(Data excerpt begins)
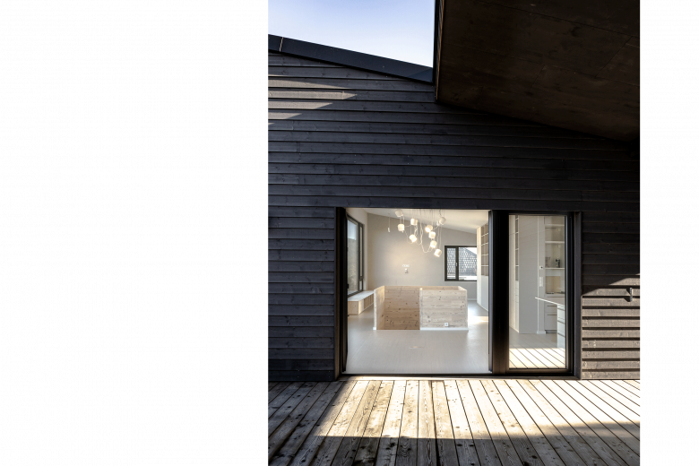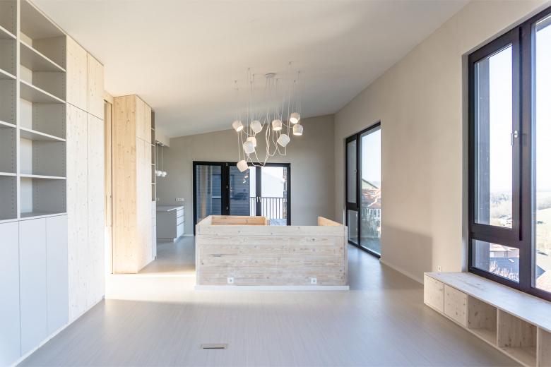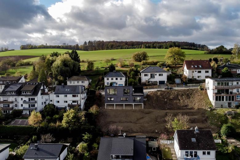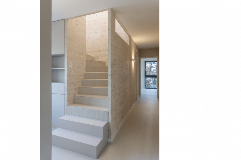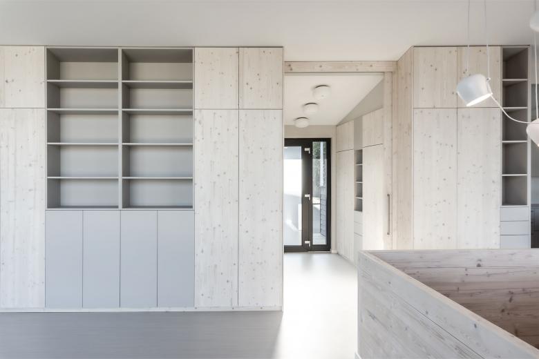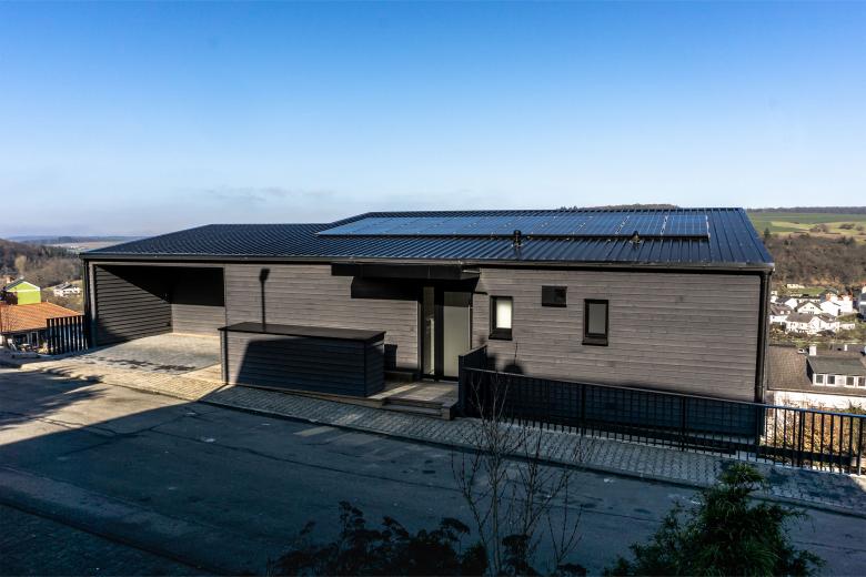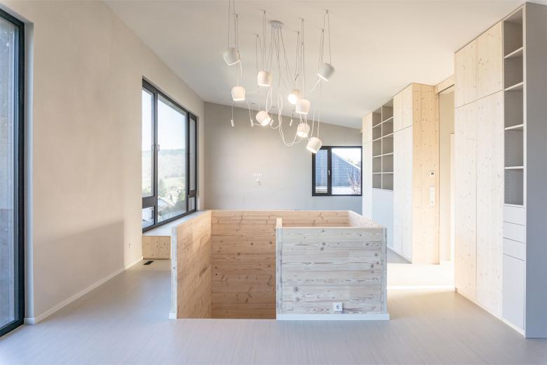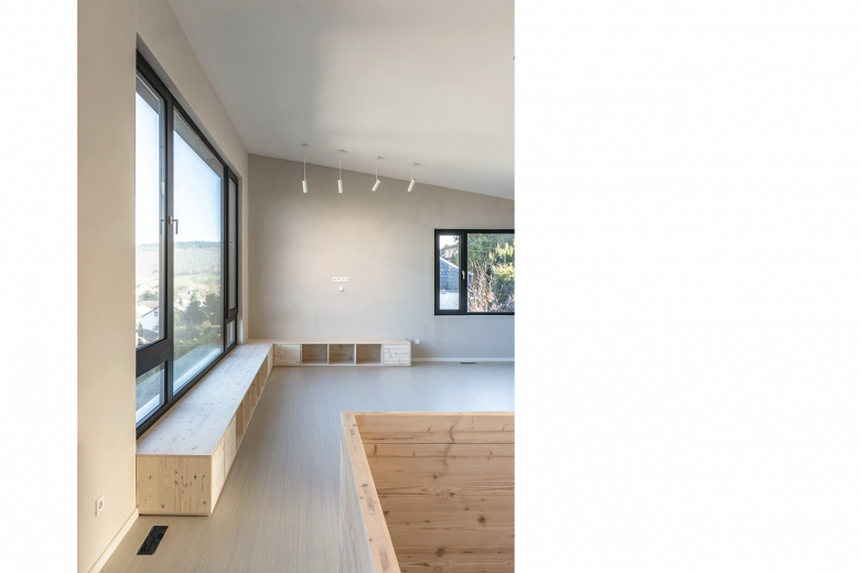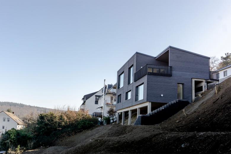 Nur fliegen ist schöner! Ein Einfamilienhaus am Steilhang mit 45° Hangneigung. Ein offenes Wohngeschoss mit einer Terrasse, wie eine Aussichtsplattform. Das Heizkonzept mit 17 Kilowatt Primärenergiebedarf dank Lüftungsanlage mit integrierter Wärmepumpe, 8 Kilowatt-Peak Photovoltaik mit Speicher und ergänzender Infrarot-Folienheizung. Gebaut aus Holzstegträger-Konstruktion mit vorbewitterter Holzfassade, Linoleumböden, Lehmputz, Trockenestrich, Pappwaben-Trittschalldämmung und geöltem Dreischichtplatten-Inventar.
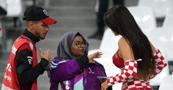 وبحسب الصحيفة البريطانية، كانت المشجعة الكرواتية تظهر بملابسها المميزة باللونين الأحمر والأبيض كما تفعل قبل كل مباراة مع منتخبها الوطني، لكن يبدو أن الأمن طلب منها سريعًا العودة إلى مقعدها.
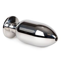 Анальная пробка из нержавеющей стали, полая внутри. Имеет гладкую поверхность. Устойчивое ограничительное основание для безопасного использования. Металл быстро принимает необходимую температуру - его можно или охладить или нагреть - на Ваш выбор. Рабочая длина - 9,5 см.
(Data excerpt ends)
#### What you should do
Output each of the lines above exactly, apart from the images.

#### Solution for this exercise
 Nur fliegen ist schöner! Ein Einfamilienhaus am Steilhang mit 45° Hangneigung. Ein offenes Wohngeschoss mit einer Terrasse, wie eine Aussichtsplattform. Das Heizkonzept mit 17 Kilowatt Primärenergiebedarf dank Lüftungsanlage mit integrierter Wärmepumpe, 8 Kilowatt-Peak Photovoltaik mit Speicher und ergänzender Infrarot-Folienheizung. Gebaut aus Holzstegträger-Konstruktion mit vorbewitterter Holzfassade, Linoleumböden, Lehmputz, Trockenestrich, Pappwaben-Trittschalldämmung und geöltem Dreischichtplatten-Inventar.
 وبحسب الصحيفة البريطانية، كانت المشجعة الكرواتية تظهر بملابسها المميزة باللونين الأحمر والأبيض كما تفعل قبل كل مباراة مع منتخبها الوطني، لكن يبدو أن الأمن طلب منها سريعًا العودة إلى مقعدها.
 Анальная пробка из нержавеющей стали, полая внутри. Имеет гладкую поверхность. Устойчивое ограничительное основание для безопасного использования. Металл быстро принимает необходимую температуру - его можно или охладить или нагреть - на Ваш выбор. Рабочая длина - 9,5 см.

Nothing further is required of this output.